Сосед — это был партизан Самарцев — схватился за краюху нервно и, вдохнув хлебный запах, как-то враз обессилел. В последние дни он часто мечтал раздобыть хотя бы маленький… самый маленький кусочек хлеба! Ему все мерещилось, как мать вытаскивает из печи пышные караваи, а он, схватив ломоть, натирает его чесноком и ест, ест. А то видел, как меньшой братишка бросает куски хлеба своей любимой собаке Черне, да какие куски! В такие минуты Самарцева тошнило от голода. И вот чудо: в его руках целая краюха хлеба!
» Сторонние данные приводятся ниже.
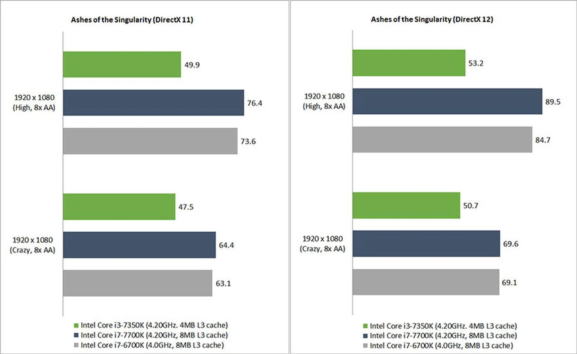 In Ashes of the Singularity, the Core i3-7350K was between 26 and 35 per cent behind the Core i7-7700K in the DirectX 11 benchmarks. The chip did not evince much of a performance drop when moving from the High to Crazy presets. This indicates that the GPU is already pushing the system as much as it could but, it's effectively being held back by the CPU - regardless of the graphics settings. Contrast this to the the Core i7 system's performance where you can tell that it could use more GPU power when you scale graphical settings and it isn't held back by the CPU.

Сдерживая слюну, он, почему-то крадучись, ушел со своего места ближе к борту, где не было смертников, пристроился там, раза два осторожно откусил от краюхи. И вдруг услышал тихий стон. «Кто-то хворый», — подумал Самарцев и неожиданно почувствовал себя неловко, спрятал краюху под полу пиджака, прислушался. Стон повторился. «Да, хворый», — подумал Самарцев и подполз к стонавшему.
— Это кто?
— Овражин… Кузьма.
— Что с тобой?
— Так, пустяки. В боку немного ломит.
— На вот, подкрепись, — поспешно сказал Самарцев, обрадованный тем, что может оказать услугу товарищу.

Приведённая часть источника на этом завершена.